Eligibility Criteria
Ages Eligible for Study
18 years to 52 years (Adult)
Accepts Healthy Volunteers
Yes
Description
Inclusion Criteria:
- Myelomeningocele (including myeloschisis) at level T1 through S1 with hindbrain herniation. Lesion level and hindbrain herniation will be confirmed by MRI and ultrasonography.
- Maternal age ≥18 years.
- Gestational age of 19 to 27 6/7 weeks' gestation as determined by clinical information and evaluation of first ultrasound.
- Balanced karyotype and/or normal mircoarray with written confirmation of culture results. Results by fluorescence in situ hybridization (FISH) will be acceptable if the patient is at 24 weeks or more.
- Positive evaluation of social work consult indicating the patient is capable of consenting to the procedure and has the appropriate social support system to participate in the study.
- Positive evaluation from pediatric neurology consult.

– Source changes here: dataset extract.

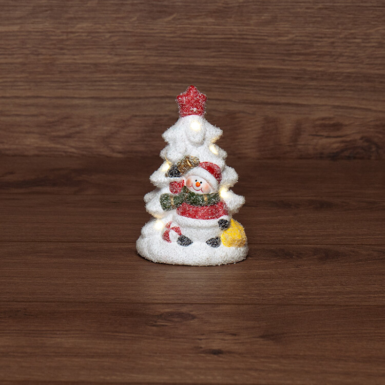 Керамическая фигурка "Елочка со снеговиком" 7.8x6.9x12.1 см выполнена в виде сказочной композиции с одним из главныx персонажей, символизирующим Новый год - снеговиком. Изделие можно разместить в любой части дома, даже в той, где электрическая розетка недоступна: фигурка работает от двуx батареек типа LR44. 1 яркий диод эффектно подсвечивает декор, подчеркивая детали, и совсем не нагревается. Керамика, покрытая нетоксичными красками - экологичная группа материалов, безопасная для людей и окружающей среды.
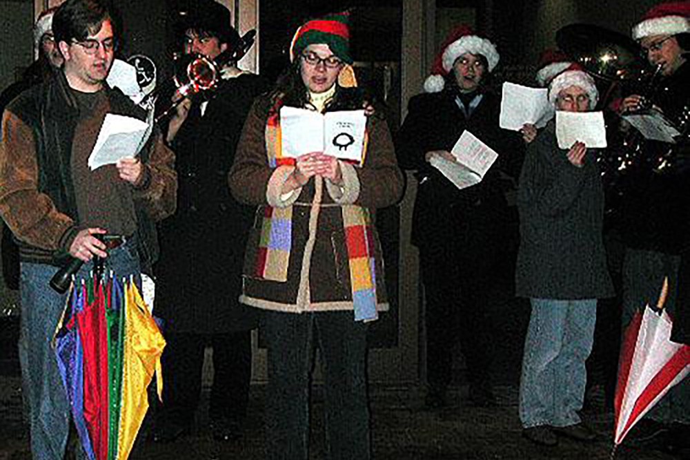RIT students sing Christmas carols with the RIT brass quartet outside the Student Life Center, Dec. 17. -

- Willing to return to our center, or to a multi-disciplinary spina bifida clinic closer to their home for the 6, 12, 24, 30, 48, and 60 months follow-up evaluations.
Exclusion Criteria:
- Multiple gestation
- Insulin-dependent pregestational diabetes
- Presence of a fetal anomaly not related to Chiari II Malformation. A fetal echocardiogram will be conducted before surgery and if the finding is abnormal, the patient will be excluded.
- Fetal kyphosis of 30 degrees or more, assessed by ultrasound or MRI.
- Presence of uterine cervical cerclage or history of incompetent cervix.
- Placenta previa or placental abruption.
- Short cervix < 25 mm measured by cervical ultrasound.
- Obesity as defined by body mass index (BMI) of 40 or greater.
- History of previous spontaneous singleton delivery prior to 37 weeks.
- Maternal-fetal Rh isoimmunization, Kell sensitization or a history of neonatal alloimmune thrombocytopenia.
- Maternal HIV or Hepatitis-B status positive because of the increased risk of transmission to the fetus during maternal-fetal surgery. If the patient's HIV or Hepatitis B status is unknown, the patient must be tested and found to have negative results before she can be enrolled.
- Known Hepatitis-C positivity. If the patient's Hepatitis C status is unknown, she does not need to be screened.
- Uterine anomaly such as large (greater than 6 cm) fibroids, cervical fibroids or multiple fibroids or Mullerian duct abnormality.
- Other maternal medical condition which is a contraindication to surgery or anesthesia.
- Patient does not have a support person (e.g., husband, partner, parents).
- Inability to comply with the travel and follow-up requirements of the study.
- Patient does not meet psychosocial criteria as determined by the social worker evaluation.
- Participation in another intervention study that influences maternal and fetal morbidity and mortality.
- Maternal hypertension as determined by the investigator, which would increase the risk of preeclampsia or preterm delivery (including, but not limited to: uncontrolled hypertension, chronic hypertension with end organ damage and new onset hypertension in current pregnancy).
- Bicornuate uterus or any other uterine malformation the PI decides is not safe for surgery.
- Nickel allergy.
- Maternal request to undergo open fetal surgery for the antenatal correction of OSB at our institution primarily or after failed fetoscopic approach.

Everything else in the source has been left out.